# Plants need home- DFWAPC members only



## kimcadmus (Nov 23, 2008)

If anyone local in the *DFWAPC* would like some of the plants listed below please let me know today *(members only)*. I had to move a tank in order to carpet/renovate a room and am going to a smaller tank and rescape. Everyone I have met in the club has been so generous and friendly. In fact many of these plants started from clippings from fellow members and have grown like crazy.

Plants have already been removed from the tank and are bagged so need to make there way to their new home soon.

Glosso
Nymphea Lotus 'Red'
Pog. Stellatus 'Broad Leaf'
Blyxa Japonica
Riccia (attached to plastic scrubby mesh)
Sagitaria Subulata (dwarf sag)
Needle Leaf java fern

Tank from which they come(we can blame the lush growth on NIKO's amazing light!) Picture taken 2 weeks ago and has not been pruned since so there is alot more!

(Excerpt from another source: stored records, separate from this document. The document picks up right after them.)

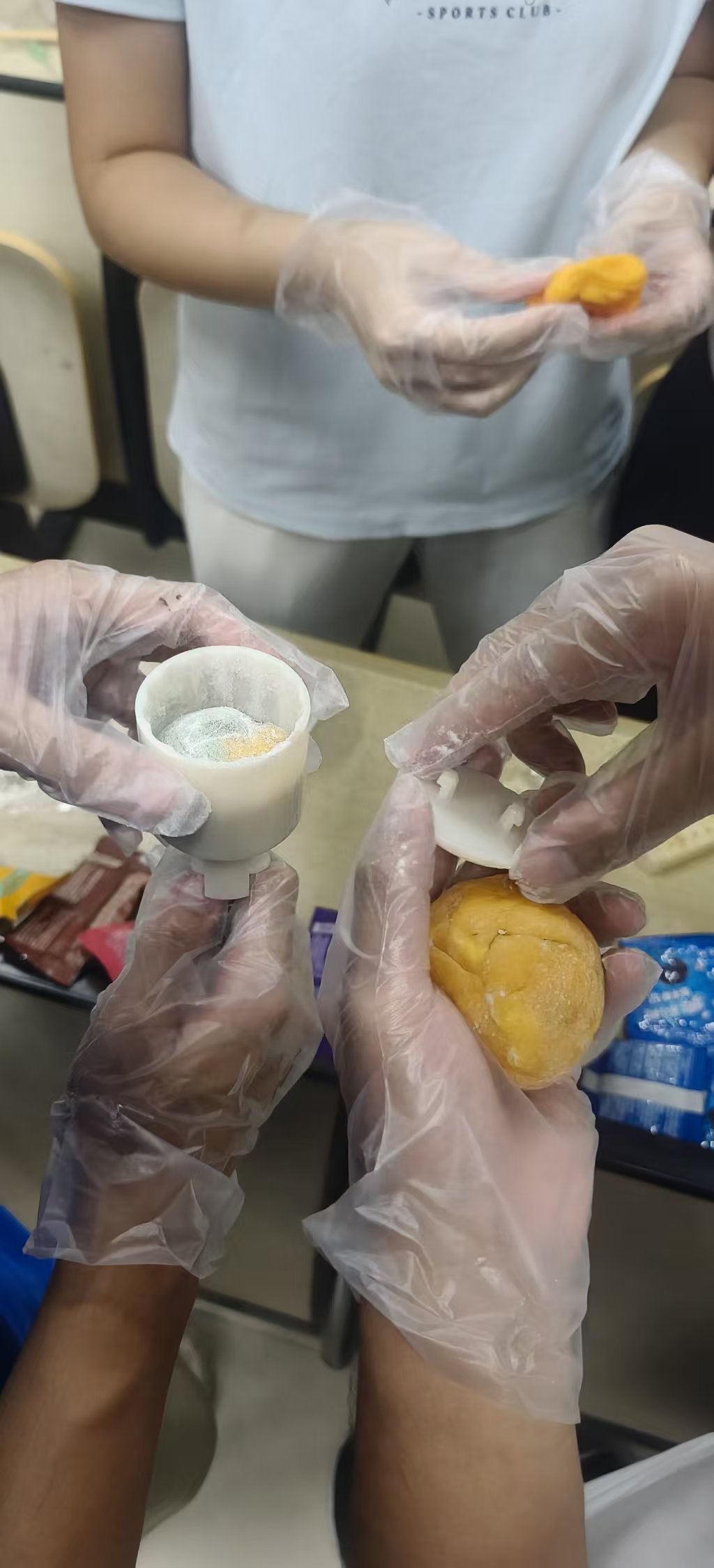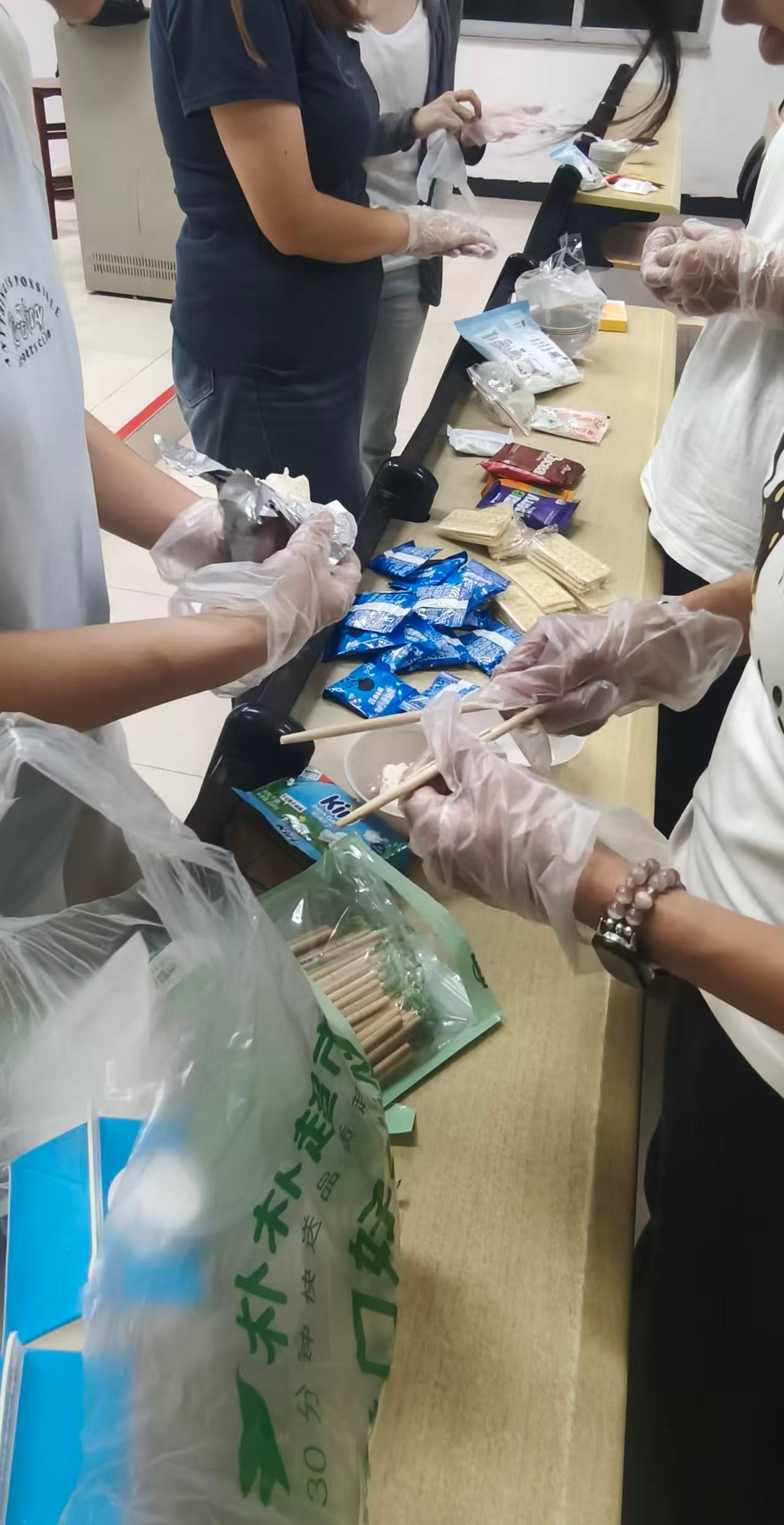 随后,大家便开始投入到各组别的月饼制作中去。成员间紧密协作,明确分工,充分发挥各优势,共同攻克制作过程中遇到的难题,大家的团队协作能力和沟通技巧得到了提升。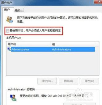 2.打开用户账号办理页面,将“要利用本机,用户必需输入用户名和密码”前面的勾去失落
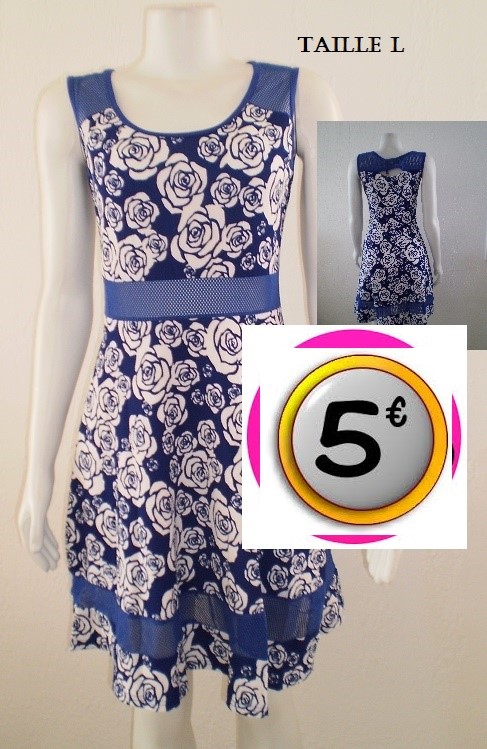 ROBE EVASEE BLEU /BLANC TAILLE L

If no one here wants them I will list them as for sale this afternoon here at APC.


----------



## Tex Gal (Nov 1, 2007)

Your tank is looking so good! Aren't Niko's lights amazing!!! He's a master!!!


----------



## kimcadmus (Nov 23, 2008)

Texgal_Yes his lights are amazing. Very fitting don't you think? Such a great guy.

Plants still available. I know someone has got to want some!


----------



## Tex Gal (Nov 1, 2007)

Ranchwest just emailed me. He needs some plants.


----------



## niko (Jan 28, 2004)

Niko The Great would humbly take the Java Fern.

But only if Ranchwest firmly rejects it.

--Nikolay


----------



## kimcadmus (Nov 23, 2008)

As you know Ranchwest has taken the java fern along with the beautiful red lotus and some blyxa.

kim


----------



## ranchwest (Jul 17, 2005)

Thanks, Kim. Those plants made a huge difference in my tank. My tank was drowning in Crypts! lol


----------